NEUROMUSCULAR CASE OF THE MONTH - JULY 1999

Acute onset of megaesophagus in a
4 year old male castrated English Setter

Contributed by Dr. Sara Ford
VCA Emergency Animal Hospital & Referral Center
San Diego, CA



Clinical History
The owner reported a recent onset of cough followed by regurgitation. No other problems were present historically. With the exception of a monthly flea preventative, the dog was not on any medications.

Physical Examination
General physical examination showed the dog was coughing and tachypneic with bilateral inspiratory crackles on thoracic ascultation. No abnormalities were observed on cranial nerve examination or evaluation of spinal reflexes. Neither muscle weakness or atrophy was present.



Diagnostic Tests
Routine laboratory tests
    CBC - eosinophilia (9504/ul; reference 0-1200)
    CK - 171 IU/L (59-895)
    Electrolytes - normal
    Heartworm test - negative
    Fecal flotation and Baermann test - negative

Thoracic radiographs - Esophageal dilation was obvious on a lateral radiograph of the chest (Fig. 1). The solid arrows delineate the ventral border of the dilated esophagus. Also present was a solitary pulmonary nodule (open arrow).

Thyroid panel
    Total thyroxine (TT4) - 17 (15-50 nmol/L)
    Total triiodothyronine (TT3) - 0.9 (1.0-2.5 nmol/L)
    Free T4 - 12 (12-33 pmol/L)
    Free T3 - 2.7 (2.8-6.5 pmol/L)
    T4 autoantibody - 7 (<20)
    T3 autoantibody - 4 (<10)
    Thyroid stimulating hormone - 32 (0-30 mU/L)
    Thyroglobulin autoantibody - 50 (<200)

Serum AChR antibody titer - 0.02 (<0.6 nmol/l)

ACTH stimulation - Pre 1.6 (1.0-5.0 ug/dl); Post 11.8 (8-17 ug/dl)

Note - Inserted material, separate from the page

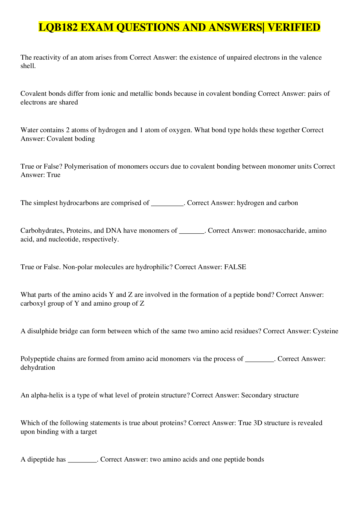 Health Care> EXAM > LQB182 EXAM STUDY QUESTIONS WITH ANSWERS| VERIFIED (All)

Serum antinuclear antibody - Negative at 1:20

Tick titers negative for antibodies to E. canis, B. canis, R. rickettsii, B. burgdorferi

Barium swallow - Decreased primary and secondary esophageal peristaltic waves with mild dysphagia

Cytology of aspirate from pulmonary nodule - Inflammation with many eosinophils

Aspirate smears of lungs not associated with nodule - Marked increase in the number of eosinophils/number of red blood cells.

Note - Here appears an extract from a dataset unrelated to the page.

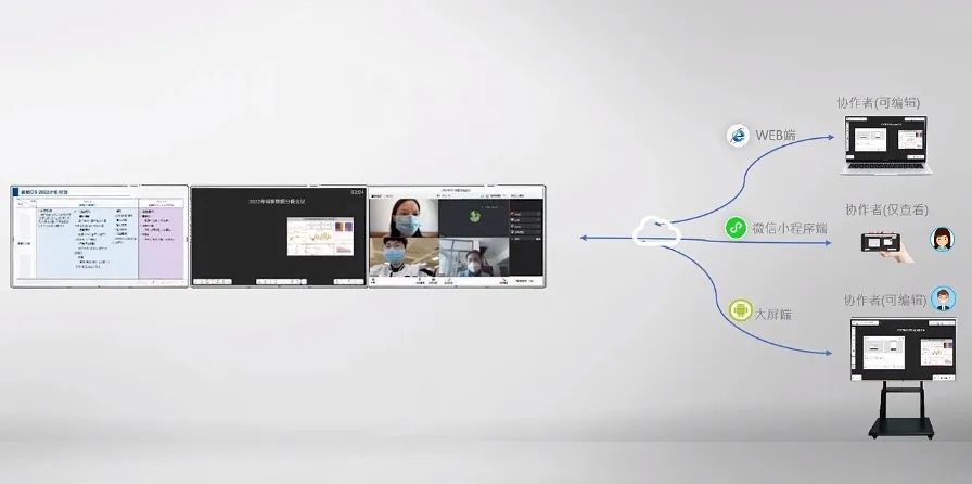 在遠(yuǎn)程視頻交互時(shí),通過(guò)異地“面對(duì)面”協(xié)作讓辦公、會(huì)議不再受場(chǎng)地的約束,真正實(shí)現(xiàn)多地多方的協(xié)同。會(huì)議主持人可跨空間控制多臺(tái)分會(huì)場(chǎng)平板,各會(huì)場(chǎng)也可查看、編輯、批注并同步書(shū)寫(xiě),實(shí)現(xiàn)跨屏云端交互協(xié)同,該功能也為異地會(huì)議、異地分享提供更便捷高效的會(huì)議溝通途徑。會(huì)后所有資料都能通過(guò)云端保存、共享和異地下載等方式查看,甚至還支持U盤(pán)、掃碼(可加密)、郵件、云端和直接打印等方式,充分實(shí)現(xiàn)會(huì)議內(nèi)容云保存、云下載。

Bronchoalveolar lavage - Benign respiratory epithelial cells and numerous eosinophils

Esophagoscopy with flexible fiberoptic endoscope - No evidence of esophageal reflux

Muscle biopsy - A biopsy from the vastus lateralis muscle showed multifocal areas of cellular infiltration composed predominantly of eosinophils (Figure 2. ). The eosinophils were highlighted by the peroxidase reaction and stain a gold-brown color.

 


Figure 1.

Figure 2.


Treatment
Intravenous dexamethasone sodium phosphate (0.25 mg/kg) was given post bronchoscopy followed by subcutaneous injections of prednisone acetate (1 mg/kg BID). A PEG tube was placed for facilitation of feeding and medications including Carafate. Other treatments included Timentin and Baytril for an aspiration pneumonia, Zantac for reflux esophagitis, and Terbutaline for bronchodilatation.  Repeat thoracic radiographs 14 days later showed resolution of the megaesophagus. Eosinophilia was no longer present on repeat CBC. Based on results of an allegery test panel, hypersentization treatments were initiated.

Conclusion and Comments
A diagnosis of hypereosinophilic syndrome including pulmonary infiltrates with eosinophilia (PIE) and eosinophilic myositis was determined based on the demonstration of eosinophils within aspirates of a solitary pulmonary nodule, bronchoalveolar lavage and aspirate smears of lung containing eosinophils, circulating eosinophilia, and localization of eosinophilic infiltrates within a limb muscle biopsy. A reversible megaesophagus was also present. Since the canine esophagus is composed predominantly of skeletal muscle, disorders that affect limb muscle may also affect the esophageal musculature. Differentials for acquired megaesophagus  include myasthenia gravis, hypoadrenocorticism, polymyositis, polyneuropathy, hypothyroidism (?), and idiopathic causes. For optimal treatment of acquired megaesophagus and a favorable clinical outcome, early recognition and identification of the underlying etiology, if possible, is important. In this case, polymyositis was associated with an eosinophilic syndrome. Esophageal dilatation was resolved within 14 days of treatment with prednisone. Since PIE may be associated with allergy, and this dog was found to be sensitive to numerous antigens on allergy testing, densensitization treatment was initiated.. The dog continues to be symptom free 3 months after clinical diagnosis.